ふと横を見ると、隣の山の上にレンズ雲がかかっている。 日本海からやってきた雲がのぼり、それが太平洋側に吸い込まれるようにくだっていく。 すごい、本当にここは日本列島のてっぺんなんだと思った。 そういえば昨日剣ヶ岳でおじさんがこんな話をしていた。 「ほら、そこに水を流すとな、その水は日本海へと流れる。
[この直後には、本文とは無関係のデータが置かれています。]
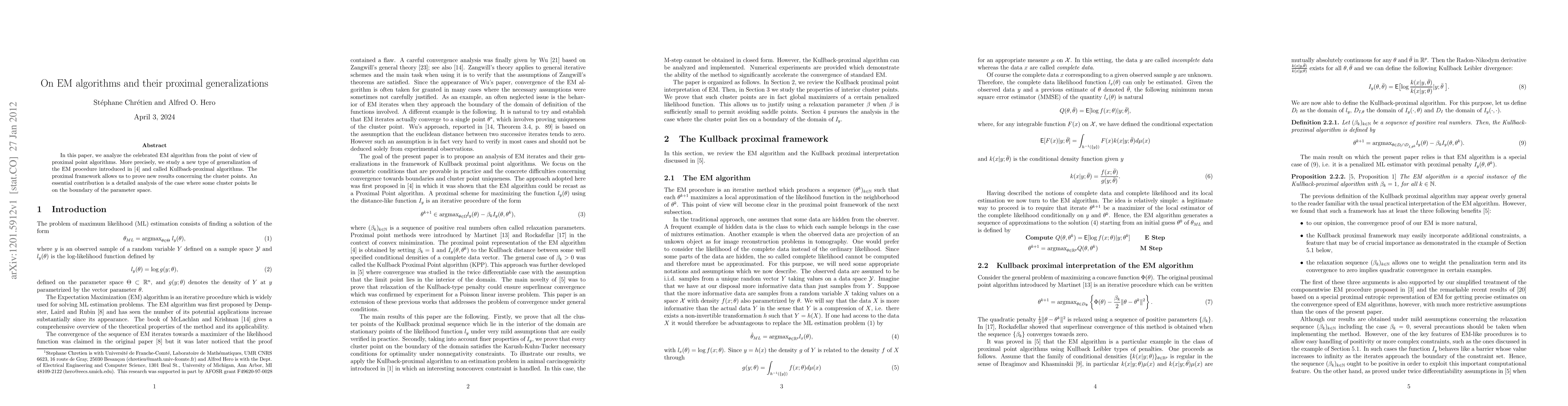 In this paper, we analyze the celebrated EM algorithm from the point of view of proximal point algorithms. More precisely, we study a new type of generalization of the EM procedure introduced in \cite{Chretien&Hero:98} and called Kullback-proximal algorithms. The proximal framework allows us to prove new results concerning the cluster points. An essential contribution is a detailed analysis of the case where some cluster points lie on the boundary of the parameter space.

でも、こっちに水を流せばその水は太平洋へと流れる。 ここは天下分け目の山なんだよ」 ◇人生最高度の転倒◇
さて、日も無事のぼり、そろそろ下りますか。 ところがその下りで事件が! そう、下りはじめてすぐのこと、左ヘアピンに例のごとくハングオンでつっこんでいく。 「ガーッ」 いつもの心地よいステップの音を聞きながら・・・ あれっ、リアタイヤの感触が消えた。やば!スリップだ。 ハイサイドになっちゃたまんないと、アクセルを開ける。 バイクはくるりと向きをかえ、スラッシュガードを削りながら数メートル進む。 私はハングオンのフォームのまま左ひざと左つま先で滑っていく。 この時、私の脳裏には、Schottの革ジャンを何とか守る!これしかなかった。 さしてスピードも出ていなかったのですぐに停止、約3秒でバイクを起こしすぐにリスタート。 snyさん、見たねー 転倒というよりスライディングと言ったほうが近い感じだったため、バイクも体も、そして大事な革ジャンもダメージなし。 と思ってましたが、帰ってから確認すると、やっぱり膝が削れてました。(おー痛っ) 本当はこのままどっか走りに行こうと考えていたが、膝の血が止まらないため、一旦アリスに戻る。 血が止まるまで待ち、穴のあいたズボンを履き替えて時計を見るとすでに8時前。そろそろ出かけるとしよう。 昨日カメラに収めるのを忘れていた乗鞍高原へと走ってみる。 そこには広い牧場があり、貸し自転車も。 夏なんかに自転車で走るといいだろうなー 写真を数枚撮影し、またエコーラインを登る。 昨日はここから引き返したが、今日はこのままスカイラインを下ることとしよう。 しかし、スカイラインの登りは相変わらずの大渋滞だ。 「今度来るときも、スカイラインの登りは要注意だな。」 そう考えてすぐに否定した。 そうか、もう次はないんだ・・・ もったいない、もうバイクで走れないなんて。
◇高山でまったり◇
平湯の料金所をぬけて、高山市内へ向かう。 高山での目的は、お土産の朴葉味噌をGETすること。それと高山ラーメンを食べること。 一時間くらいかな・・・高山到着。一昨日通り抜けていった町だ。 まずは朴葉味噌をもとめてお土産売り場へ、 実は高校の時、修学旅行で食べた朴葉味噌が忘れられない。 3つ入りを3セット購入し、あとは高山ラーメンなどなどを購入。 もっともっといろいろ買いたいと思うが、バイクに乗りそうもない。 そこそこであきらめて今度はラーメン屋さんへ、 ガイドに乗ってたうまいラーメン屋さんへ到着。 ただ、薄くて私の口にはあいませんでした。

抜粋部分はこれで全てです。